Beehive "Quality Processes" (WAS RE: [proposal] Beehive release strategy)

I'd like to split the QA/quality/code tidy/code review/etc. questions
out onto a separate thread and encapsulate in a separate document and
proposal.  Holler if you don't like that approach.  :)

-----Original Message-----
From: Ken Tam 
Sent: Tuesday, October 12, 2004 2:59 PM
To: Beehive Developers
Subject: RE: [proposal] Beehive release strategy

Overall strategy looks good.  Thanks Heather!

Drilling in:

1)  Need a little more definition around the role of automated QA
processes wrt releases.  Per Rotan's comment, I don't think there's a
low-cost mechanism to ensure that a checkin doesn't _happen_ unless some
set of tests pass, but we can and should e.g. set up a publically
visible cruisecontrol machine to monitor and archive ongoing status wrt
test suites.  Logistics of how this works (physical location of this
machine, network perms, setup, etc) probably need to involve the PMC.
  
<< snip >>

-----Original Message-----
From: Heather Stephens 
Sent: Tuesday, October 12, 2004 8:41 AM
To: Beehive Developers
Subject: RE: [proposal] Beehive release strategy

Regarding #2, as we're putting together the bootstrapped roadmap doc and
project plans could everyone consider the code tidy request as well?

Once we've seeded the community with this information then all feature
planning, prioritization, etc., should obviously be done in the open.

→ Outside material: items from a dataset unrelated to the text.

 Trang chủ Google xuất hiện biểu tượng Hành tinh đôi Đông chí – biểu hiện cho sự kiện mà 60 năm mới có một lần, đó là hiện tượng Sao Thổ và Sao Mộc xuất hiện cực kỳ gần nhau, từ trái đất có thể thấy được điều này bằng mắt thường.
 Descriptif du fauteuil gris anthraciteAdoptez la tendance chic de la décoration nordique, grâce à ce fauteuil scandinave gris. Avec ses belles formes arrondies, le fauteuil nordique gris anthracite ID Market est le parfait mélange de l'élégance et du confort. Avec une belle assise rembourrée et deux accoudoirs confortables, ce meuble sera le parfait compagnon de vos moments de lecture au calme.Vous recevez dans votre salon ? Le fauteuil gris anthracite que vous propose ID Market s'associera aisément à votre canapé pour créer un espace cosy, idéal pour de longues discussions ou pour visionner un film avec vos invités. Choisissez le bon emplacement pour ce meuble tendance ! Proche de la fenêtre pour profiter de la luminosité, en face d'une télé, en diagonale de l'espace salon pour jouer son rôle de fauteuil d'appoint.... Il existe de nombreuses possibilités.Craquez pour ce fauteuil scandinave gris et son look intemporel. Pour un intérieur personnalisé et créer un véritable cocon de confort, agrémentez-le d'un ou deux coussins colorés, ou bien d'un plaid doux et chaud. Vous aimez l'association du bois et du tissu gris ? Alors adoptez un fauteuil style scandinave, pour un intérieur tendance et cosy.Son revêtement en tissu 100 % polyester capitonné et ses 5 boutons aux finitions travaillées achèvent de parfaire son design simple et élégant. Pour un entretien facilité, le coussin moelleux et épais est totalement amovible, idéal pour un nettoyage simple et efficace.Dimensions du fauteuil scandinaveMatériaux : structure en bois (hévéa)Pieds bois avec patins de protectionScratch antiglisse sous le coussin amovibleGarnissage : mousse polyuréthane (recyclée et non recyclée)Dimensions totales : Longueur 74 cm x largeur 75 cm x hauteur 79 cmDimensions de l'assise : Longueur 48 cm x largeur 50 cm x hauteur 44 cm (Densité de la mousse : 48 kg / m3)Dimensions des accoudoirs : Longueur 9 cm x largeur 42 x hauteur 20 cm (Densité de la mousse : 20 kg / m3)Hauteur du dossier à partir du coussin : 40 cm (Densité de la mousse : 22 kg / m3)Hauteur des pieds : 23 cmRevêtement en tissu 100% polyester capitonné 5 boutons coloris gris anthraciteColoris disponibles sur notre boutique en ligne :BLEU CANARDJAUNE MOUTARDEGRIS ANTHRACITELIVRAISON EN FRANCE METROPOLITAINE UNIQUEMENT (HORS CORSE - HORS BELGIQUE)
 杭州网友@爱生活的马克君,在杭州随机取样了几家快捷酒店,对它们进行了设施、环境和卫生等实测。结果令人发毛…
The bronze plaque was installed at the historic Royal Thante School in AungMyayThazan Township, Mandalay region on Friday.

-----Original Message-----
From: Steven Tocco 
Sent: Tuesday, October 12, 2004 8:17 AM
To: Beehive Developers
Subject: FW: Opinions?/Response to Rotan on beehive-dev -- FW:
[proposal] Beehive release strategy

Rotan,

Great questions!  I think Heather has Questions 3 and 4 covered.  Let me
see if we can start to assemble some responses in the other areas.

Rotan Question 1: Is there any way to validate that a successful unit
test sequence was executed?

I know of now way to enforce this now.  Essentially our build structure
is built independent of source control system at this time.  But not all
hope is lost.  We currently run checkin/DRT tests using CruiseControl to
detect errors.  Thus, within a few hours of a harmful checkin we will
have a suspect list of changes that caused the break.

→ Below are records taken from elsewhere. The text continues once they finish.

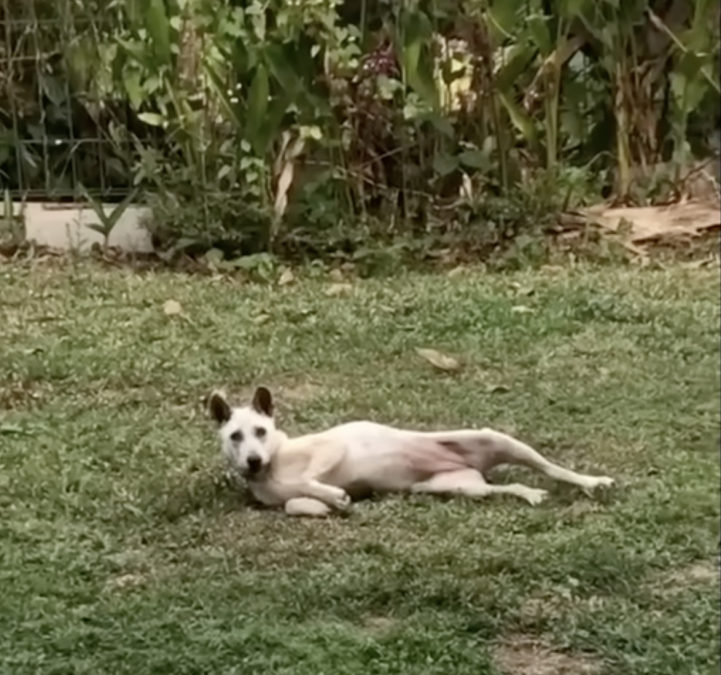One quiet afternoon, a neighbor noticed something strange. Buddy wasn’t pacing or watching from afar. She was lying still, her body curled in on itself. When someone approached, she didn’t run. She didn’t snarl. She simply stared back—tired, uncertain, and strangely calm.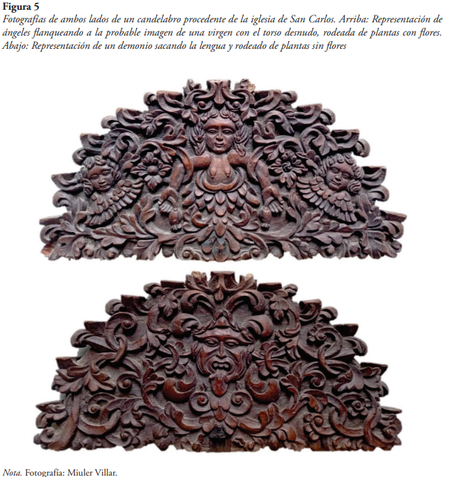 Para complementar los datos obtenidos, también revisamos algunos materiales culturales muebles, procedentes de la actual iglesia de San Carlos, los cuales, según los pobladores, provinieron de Corobamba en el proceso de su abandono. De esta manera, tratamos de cotejar la información con algunos rasgos diagnósticos de la iconografía presente en dichos objetos.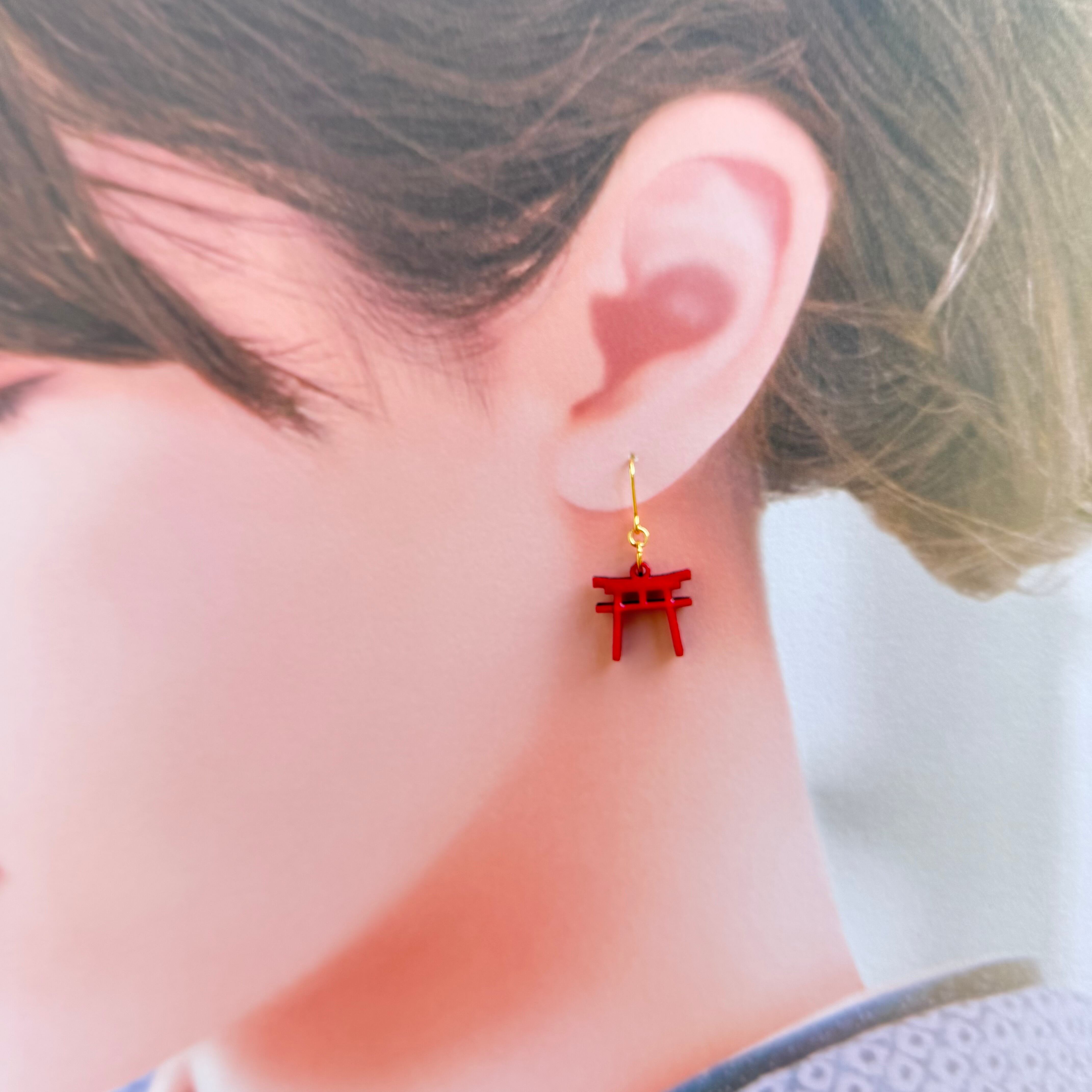 神社の参道にそっと佇む、小さな朱色の鳥居をモチーフにしたピアスです。

Perhaps there is some more advanced integration between SVN and Ant for
this type of checking, but I'm not aware of it.

Rotan Question 2:  Is there a code tidy process?

We currently don't have such a tool in place or the standards to hold
the code to.  I've used some of these tools before (Check Style for
example) and think they are great.  Using them usually comes with three
issues:
a.	Getting agreement on style and such.
b.	The tools ability to enforce such styles.
c.	When/How to enforce these standards?  (for example, getting
checkstyle like tool to run as part of checkin/DRT tests may be extreme,
perhaps a code review step, perhaps post process, perhaps pre-release,
etc.)

With all of that said, the first part to move towards is step a.  Steps
b and c would come after that.  I'll raise the issue to Heather to see
the priority of this relative to other issues.
	
Rotan Question 5: We need a stable objective quality assessment
mechanism from which we can observe trends.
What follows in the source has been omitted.